In the pattern of the typical Dickens hero, Pip survives childhood neglect and a gauntlet of grotesque adults to obtain security and respectability.


Budding Theatre’s production honours the novel’s gothic roots, with dreamlike vignettes where Pip (Reuben Reynolds as a child, and then Bertram O’Brien as a young man) is thrust into disorienting encounters with oily and eccentric characters.


Chris McGrane summons a gravel voice for the menacing fugitive convict Magwitch, Joan White is imperious and tortured as the iconic Miss Havisham, and Leigh Daniel Taafe is down-to-earth as Pip’s kind-hearted brother-in-law Joe.


George S. Walker meanwhile steals scenes as Pip’s friend Herbert Pocket, interpreted with a flamboyant flourish as a romcom ‘gay best friend’.


O’Brien centres the show with a compelling performance, convincing in his self-obliterating adoration of the aloof and heartless Estella (Erin Bond).


The large cast of 20 had mixed age and experience, but understood their characters and pushed the story onward under the confident direction of Rhys Hekimian.


Producer and playwright Kirsty Budding’s brisk adaptation compresses the novel into less than 80 minutes, but chooses potent vignettes to unfold, and relishes Dickens’ brash but dextrous language, in particular the hypnotic articulations of hopeless love.

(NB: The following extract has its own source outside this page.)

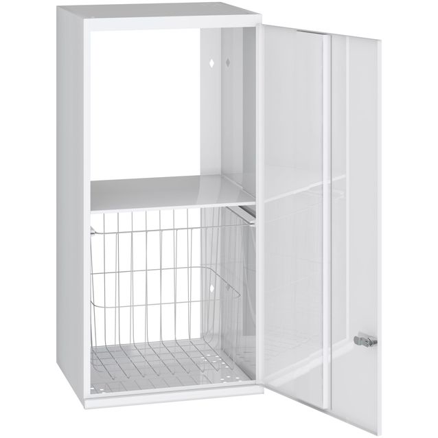 Polarian 300 mm leveä PYK 300 -pyykkikaappi. Yläkaappi on varustettu yhdellä ulosvedettävällä korilla. Isot tuuletusaukot pohjassa ja päällä hoitavat kaappiin riittävän tuuletuksen.

Pip’s snobbery, a powerful element from the novel, is glossed over, with a key sequence where the older Pip is embarrassed by a visit from the decent Joe omitted.


A finale that draws each cast member onstage to repeat a key line provided an effective close to the play, knitting together Pip’s experiences as a tapestry, but this approach buried the catharsis of Miss Havisham’s lurid comeuppance.


With Great Expectations, Budding Theatre continues to provide an entry point for young actors to explore their craft, with a moody and alert adaptation of a resonant classic.